A song of winter

March 4, 1982

The weather has been getting progressively more beastly. It has been necessary for me to move from coats which can be put on with a single heave to ones requiring heaves, wriggles, pushes and wrenches. Long before this, I have given up resignation for cheerful bravery without which we dwellers in cold climates would never emerge smiling. There is hardly need to describe the above progression as it relates to headgear or footwear. You can visualize me, mummified in coats, hats, mufflers and gloves, sloshing, sliding or mounting upon whatever the city snow has settled into. When - of all things - I hear birdsong!

You may have too. At least, some of my friends confirm they have. It has happened throughout the years so regularly I now expect it, at the grayest, sloshiest moment, usually in late January. The magic of it would be lost if it came after the seasonal turn toward warmth. I hear it when most of the bitter cold lies before me, a grueling test of my endurance. No letup promised. Just more and more of the same.

That birdsong! Maybe, from a professional point of view, one should call it birdtalk, since birds are not supposed to sing except when they mate in spring. But what I hear is definitely a sweet bird sound, however brief, however fragile , and it's loaded with promise. My heart, no matter how tweed-laden or wool-wrapped, leaps at the sound and listens for more. There's a momentary lifting of the winter gloom, a diminishing of the bite in the wind.

Spring is just around the corner? No! That's not what it says at all. Spring is here, right now! Not the whole loveliness of it, but the essence, certainly. And who's to say that June in January isn't sweeter than June itself, particularly if one glimpses that, with a bit of skill, one can always provide for oneself a bit of June in January, and this without the help of a titmouse, sparrow or chickadee.

Now, I could easily launch into a sermon on persistence, courage and the like , but if I got you into that mood, I doubt you'd be able to hear the birdsong or even believe in it. For, you see, you'd miss the surprise and the joy of it, and there'd be no song at all. Probably just a peep is all you'd hear; something pitiful instead of heart-lifting.

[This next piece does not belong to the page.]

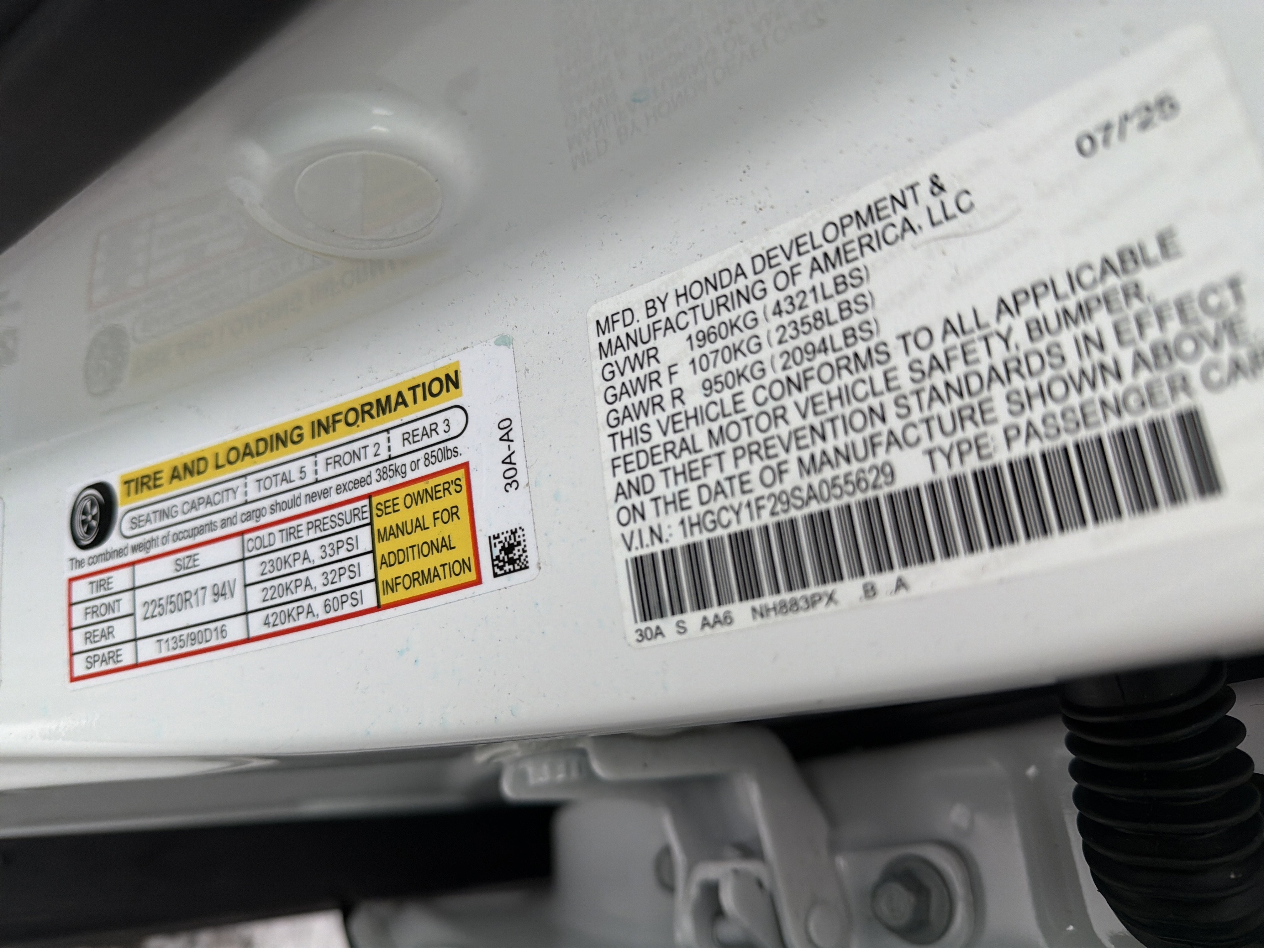 - Tires: 225/50R17 94V AS

It could be that hearing birdsong in January is becoming a lost art. There seems to be a growing conviction that anything really demanding is unfair - at least totally unrelated to joy. Everybody seems to be fighting for top billing as a victim. Newscasters are producing sob stories by the gross. Someone faces a tough situation and the news busies itself prognosticating life-paralyzing traumas.

Sorry, boys, you've got to contend with birdsong in January, and don't fuss. Once more of us hear it, dismal prognostication may go out of style.

But even more than birdsong to cheer are the indominatable pigeons in January. They don't sing, but they cope with the ice and the falling snow, and they have tickled my heart more than once. Keep looking at them and you'll see something remarkably undefeated. Now and again you'll also see one that sports the most beautiful shades of mauve or soft gray. You'll see their invariable plumpness, their insouciance at having only part of a foot and almost invisible fare. As for derring-do, you can't beat them. If I had a message to send to Garcia, I'd entrust it to a Boston pigeon, believe me!

I was stalled in traffic the other day right next to a luscious crust of bread, a bit of pigeon-heaven. Three of them were busy pecking at it right in the flow of traffic. I say pecking at it. I don't mean any regular sort of pecking, the sort possible in any old chicken yard. They were competing not only with themselves but with traffic of the Boston variety! And with such aplomb. The cool skill with which they would take a peck or two and then yield to some uncomprehending driver was a delight to behold.

Think of how delicious each crumb must have tasted given the hazards of retrieving it. You and I sit safely at our dinner tables stodgily stuffing in one huge bite after another. How placid, almost gluttonous. How piquant, how appetite-stimulating, to do it pigeon-style. It would be just like some TV team to do a sob story on pigeon life and miss the whole noble adventure of it.

To reverse this sniffling trend in newsmaking would not involve ''gunning'' for the trade, of course. It's more likely that, like the pigeons, we'd continue to go quietly about our business. The truth - that there can be joy right in the midst of difficulty and sadness - isn't something you can sell or prove to anybody else. It's a private discovery. And, of course, you have to have really endured something to make the discovery. Now, we don't, at least I don't, go out looking for difficulties or sadness. But, life being what it is, these sorts of experiences do seem to come our way. So, shall we assume the tragic pose, get all ready to be traumatized, canceled out? Well, that's all right for you. But me? I prefer to be out listening for birdsong in January or admiring intrepid pigeons in March.